● Record excerpts:
★ ★ ★ ★ ★

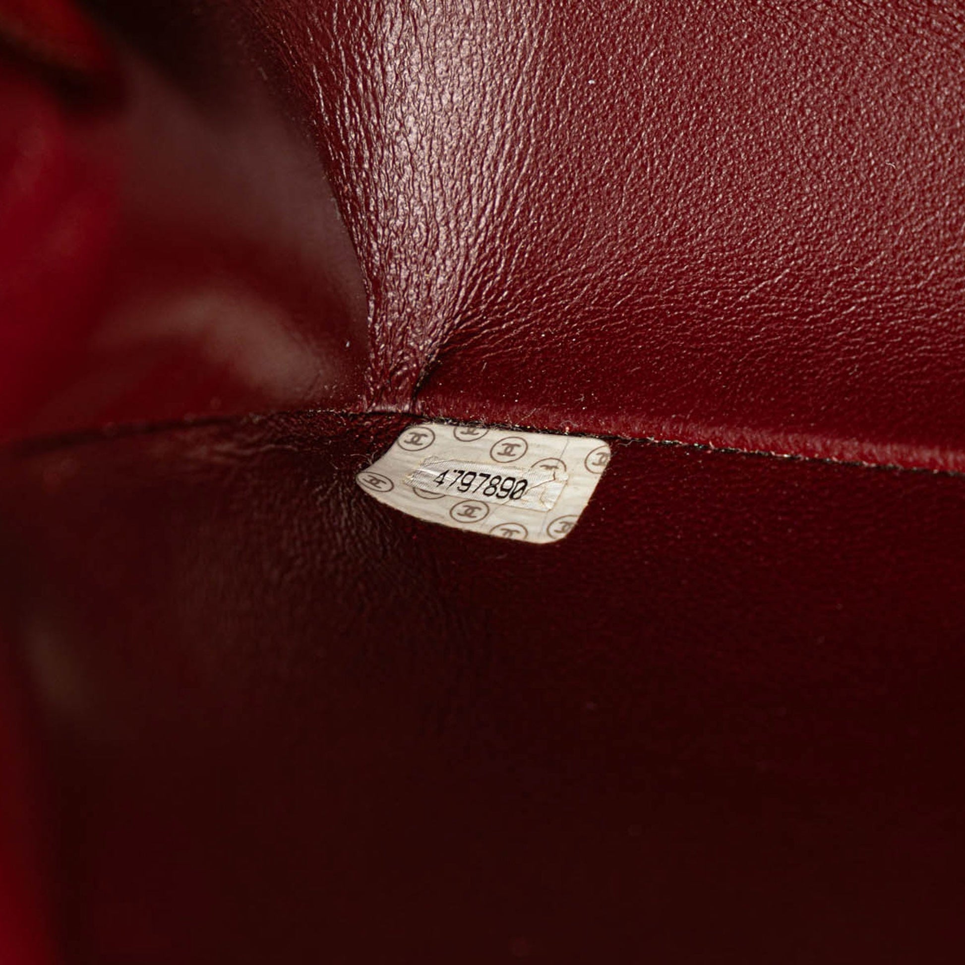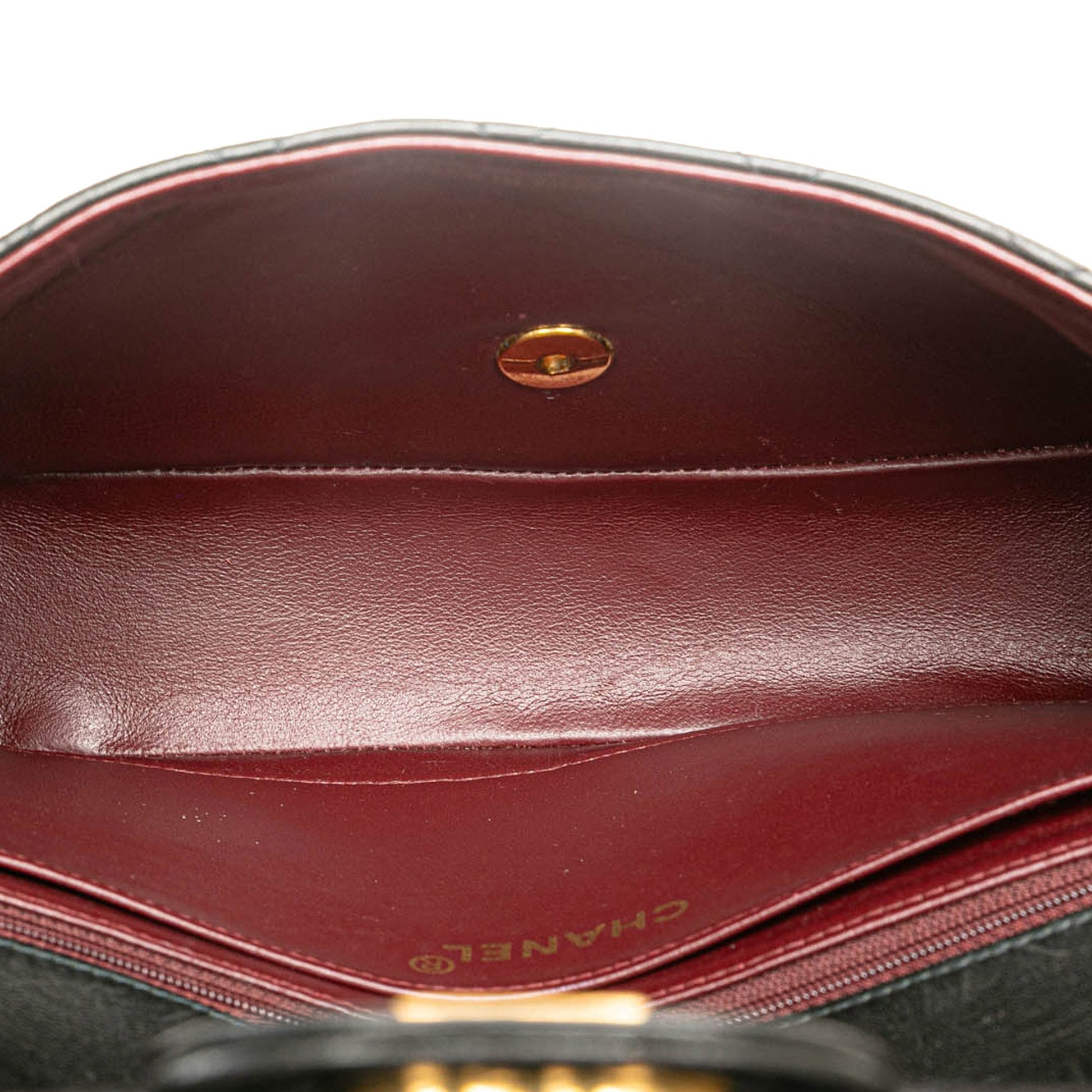 Product Details: Black Chanel Medium Classic Lambskin Kelly Flap Bag. The Kelly handbag features a lambskin leather body, a rolled leather top handle, a front flap with a twist lock closure, an exterior back slip pocket, and interior zip and slip pockets. 5.5" L x 10.2" W x 2.4" D. Serial number 4797890.
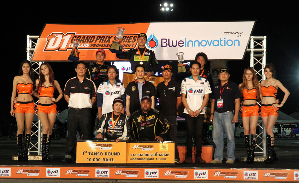 นัดเปิดฤดูกาล การแข่งขันรายการ ดีวัน กรังด์ปรีซ์ ไทยแลนด์ ซีรีส์ 2013 บาย พีทีที บลู อินโนเวชั่น สนามที่ 1 และ 2 นนท์ - สรานนท์ พรพัฒนารักษ์ จากทีม OVERDRIVE M-STORM 3M AUTO FILM 3K WITH YOKOHAMA ประเดิมคว้าแชมป์สนามที่ 1 ส่วน เอส- ชนัฐพนธ์ เกิดเปี่ยม จากทีม WESTLAKE TYRES คว้าแชมป์สนามที่ 2 ซึ่งชิงชัยกับมาซาโอะ ซูเอนากะ ทีม OVERDRIVE M-STORM 3M AUTOFILM 3K ณ ลานทะเลสาบ เมืองทองธานี ภายในงานยังมีการแสดงจาก Drift Angle ที่บินตรงมาสร้างความสนุกจากประเทศญี่ปุ่น พร้อมด้วยโชว์จาก เอฟเอชเอ็ม จีเอ็นดี กรุ๊ป, โชว์แดนซ์จาก ปตท., การแสดงจากสิงห์, มินิคอนเสิร์ตจากแคนดี้มาเฟีย และบูดาเบลส ปิดท้ายค่ำคืนด้วยนักดริฟท์จากรอบวิ่งคู่ (ซุยโซ่) ที่ออกมาให้แฟนๆ ถ่ายภาพกันแบบตัวต่อตัวอีกด้วย สำหรับสนาม 3 - 4 วันที่ 24 - 25 สิงหาคม ที่จังหวัดสงขลา และสนามที่ 5 - 6 วันที่ 28 - 29 กันยายน ที่กรุงเทพฯ สามารถจองบัตรเช้าชมได้แล้ววันนี้ที่ไทยทิคเก็ตเมเจอร์ทุกสาขา และจุดจำหน่ายบัตรหน้าสนามแข่ง บัตรราคา 200 และ 300 บาท ติดตามเทปบันทึภาพการแข่งขันสนามที่ 1 - 2 ได้ในวันที่ 3 - 4 กรกฎาคม 2556 เวลา 22.00 น. - 24.00 น. ทางช่องสยามสปอร์ต ไลฟ์ (ทรูวิชั่น 116) สอบาถามข้อมูลเพิ่มเติมได้ทาง www.d1thailand.com หรือ www.facebook.com/d1thailand
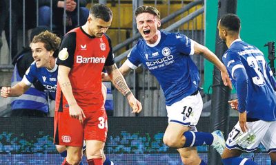 【明報專訊】利華古遜昨晨在德國盃4強雖憑中堅莊拿芬泰...
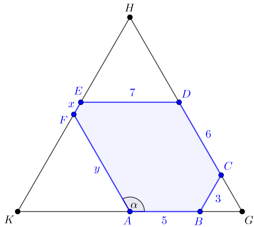 Megoldás. Legyen az \(\displaystyle ABCDEF\) hatszögben \(\displaystyle AB=5\), \(\displaystyle BC=3\), \(\displaystyle CD=6\), \(\displaystyle DE=7\) és \(\displaystyle EF=x\), \(\displaystyle FA=y\). A hatszög pontosan négy háromszögre bontható, így belső szögeinek összege \(\displaystyle 4\cdot 180^{\circ}=720^{\circ}\).
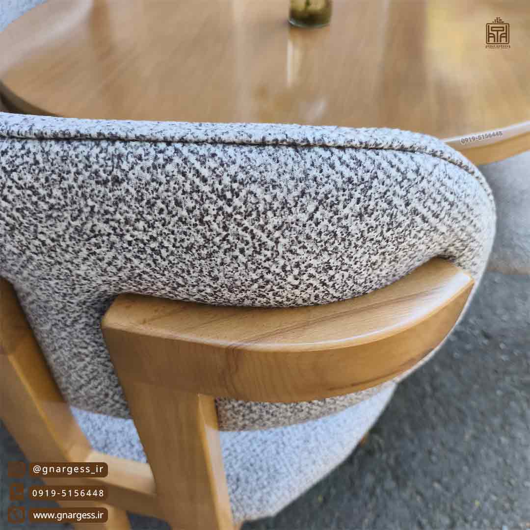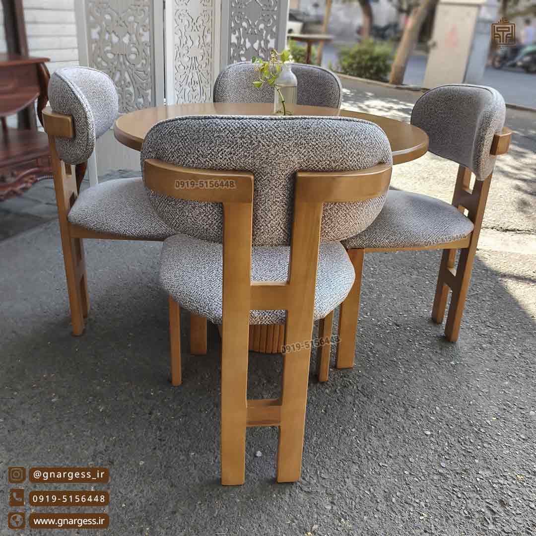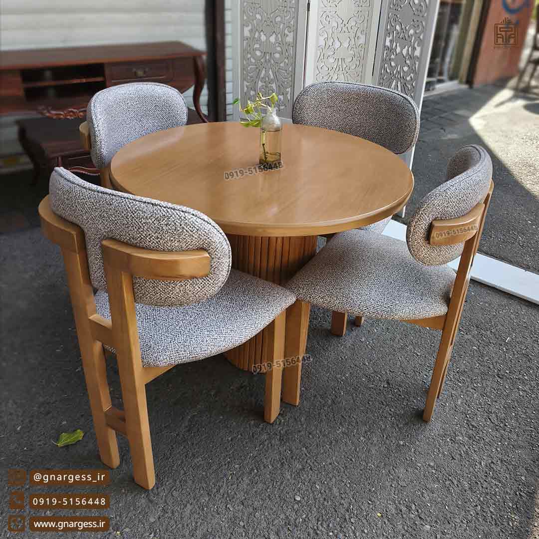 همراه ما باشید با عرضه و تولید ناهارخوری چوبی پمینار گرد همراه با صندلی چوب راش اچ مبلی
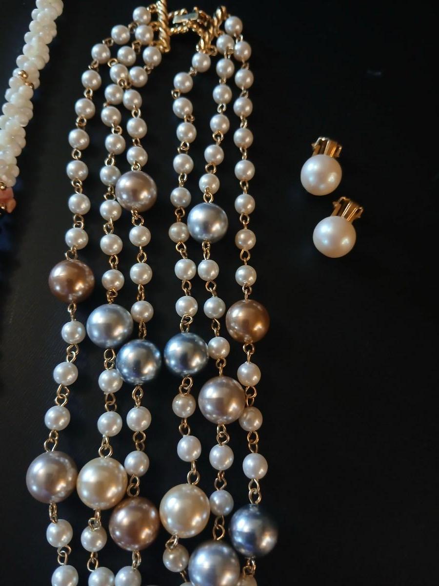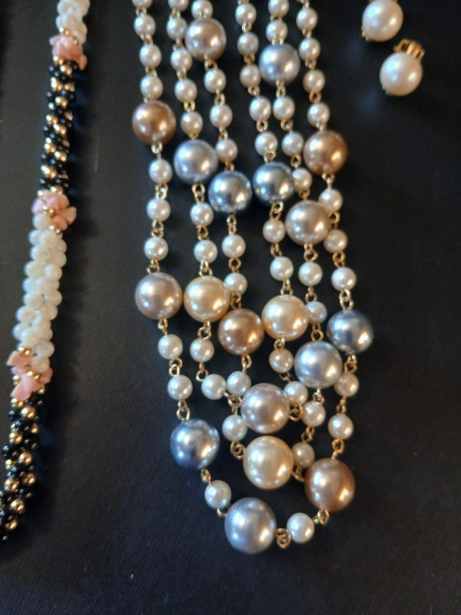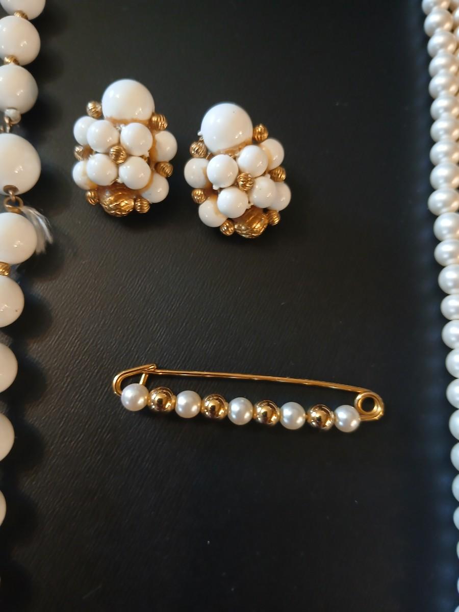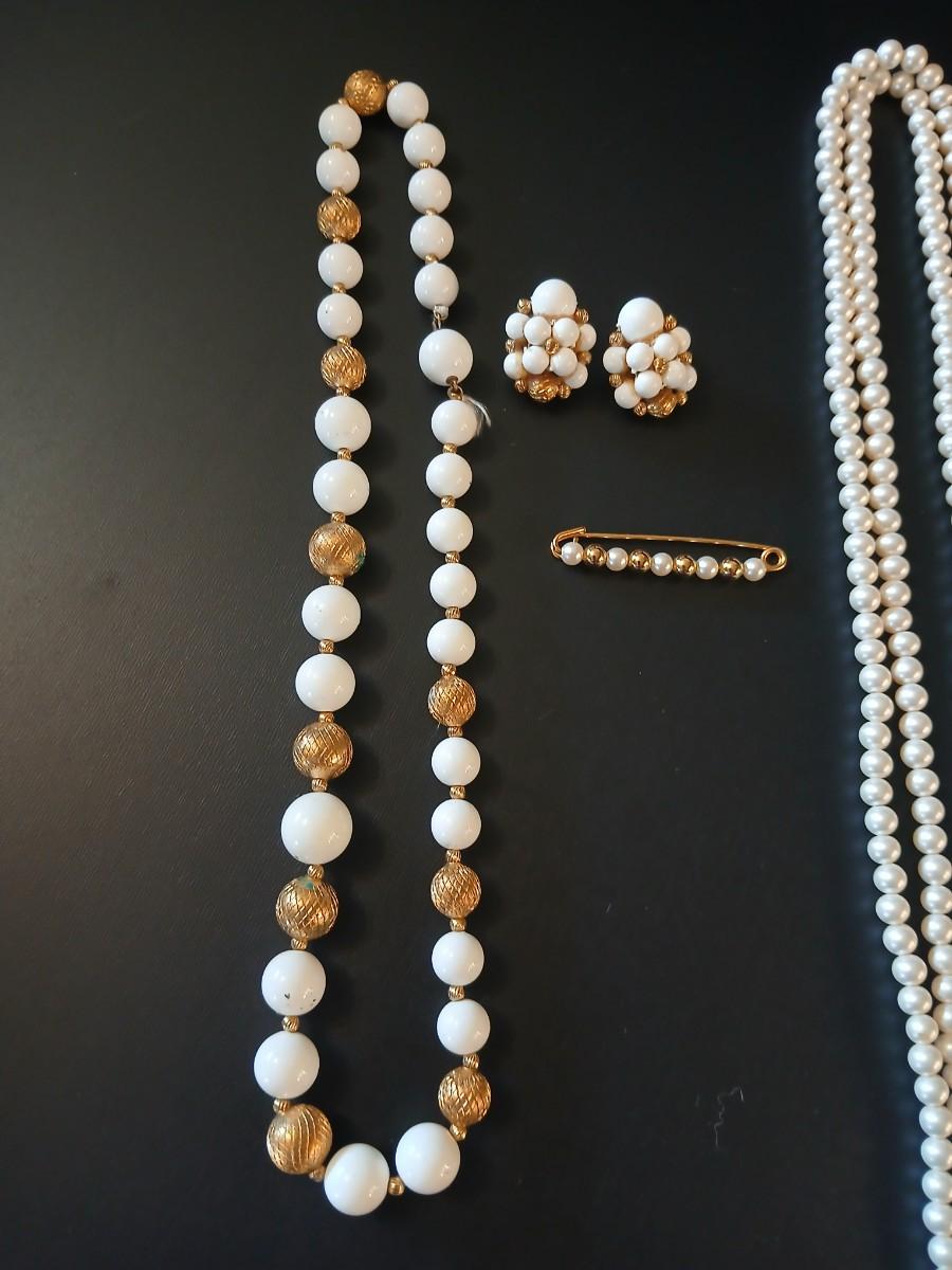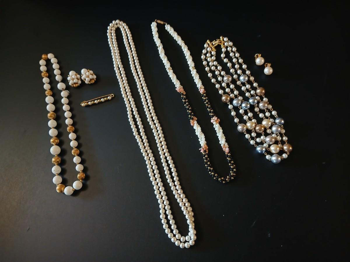 Faux pearl necklaces - brooch - earrings- and a beautiful, beaded necklace

★ ★ ★ ★ ★

Word for word, restate all of the material, omitting the images.

 Product Details: Black Chanel Medium Classic Lambskin Kelly Flap Bag. The Kelly handbag features a lambskin leather body, a rolled leather top handle, a front flap with a twist lock closure, an exterior back slip pocket, and interior zip and slip pockets. 5.5" L x 10.2" W x 2.4" D. Serial number 4797890.
 นัดเปิดฤดูกาล การแข่งขันรายการ ดีวัน กรังด์ปรีซ์ ไทยแลนด์ ซีรีส์ 2013 บาย พีทีที บลู อินโนเวชั่น สนามที่ 1 และ 2 นนท์ - สรานนท์ พรพัฒนารักษ์ จากทีม OVERDRIVE M-STORM 3M AUTO FILM 3K WITH YOKOHAMA ประเดิมคว้าแชมป์สนามที่ 1 ส่วน เอส- ชนัฐพนธ์ เกิดเปี่ยม จากทีม WESTLAKE TYRES คว้าแชมป์สนามที่ 2 ซึ่งชิงชัยกับมาซาโอะ ซูเอนากะ ทีม OVERDRIVE M-STORM 3M AUTOFILM 3K ณ ลานทะเลสาบ เมืองทองธานี ภายในงานยังมีการแสดงจาก Drift Angle ที่บินตรงมาสร้างความสนุกจากประเทศญี่ปุ่น พร้อมด้วยโชว์จาก เอฟเอชเอ็ม จีเอ็นดี กรุ๊ป, โชว์แดนซ์จาก ปตท., การแสดงจากสิงห์, มินิคอนเสิร์ตจากแคนดี้มาเฟีย และบูดาเบลส ปิดท้ายค่ำคืนด้วยนักดริฟท์จากรอบวิ่งคู่ (ซุยโซ่) ที่ออกมาให้แฟนๆ ถ่ายภาพกันแบบตัวต่อตัวอีกด้วย สำหรับสนาม 3 - 4 วันที่ 24 - 25 สิงหาคม ที่จังหวัดสงขลา และสนามที่ 5 - 6 วันที่ 28 - 29 กันยายน ที่กรุงเทพฯ สามารถจองบัตรเช้าชมได้แล้ววันนี้ที่ไทยทิคเก็ตเมเจอร์ทุกสาขา และจุดจำหน่ายบัตรหน้าสนามแข่ง บัตรราคา 200 และ 300 บาท ติดตามเทปบันทึภาพการแข่งขันสนามที่ 1 - 2 ได้ในวันที่ 3 - 4 กรกฎาคม 2556 เวลา 22.00 น. - 24.00 น. ทางช่องสยามสปอร์ต ไลฟ์ (ทรูวิชั่น 116) สอบาถามข้อมูลเพิ่มเติมได้ทาง www.d1thailand.com หรือ www.facebook.com/d1thailand
 【明報專訊】利華古遜昨晨在德國盃4強雖憑中堅莊拿芬泰...
 Megoldás. Legyen az \(\displaystyle ABCDEF\) hatszögben \(\displaystyle AB=5\), \(\displaystyle BC=3\), \(\displaystyle CD=6\), \(\displaystyle DE=7\) és \(\displaystyle EF=x\), \(\displaystyle FA=y\). A hatszög pontosan négy háromszögre bontható, így belső szögeinek összege \(\displaystyle 4\cdot 180^{\circ}=720^{\circ}\).
 همراه ما باشید با عرضه و تولید ناهارخوری چوبی پمینار گرد همراه با صندلی چوب راش اچ مبلی
 Faux pearl necklaces - brooch - earrings- and a beautiful, beaded necklace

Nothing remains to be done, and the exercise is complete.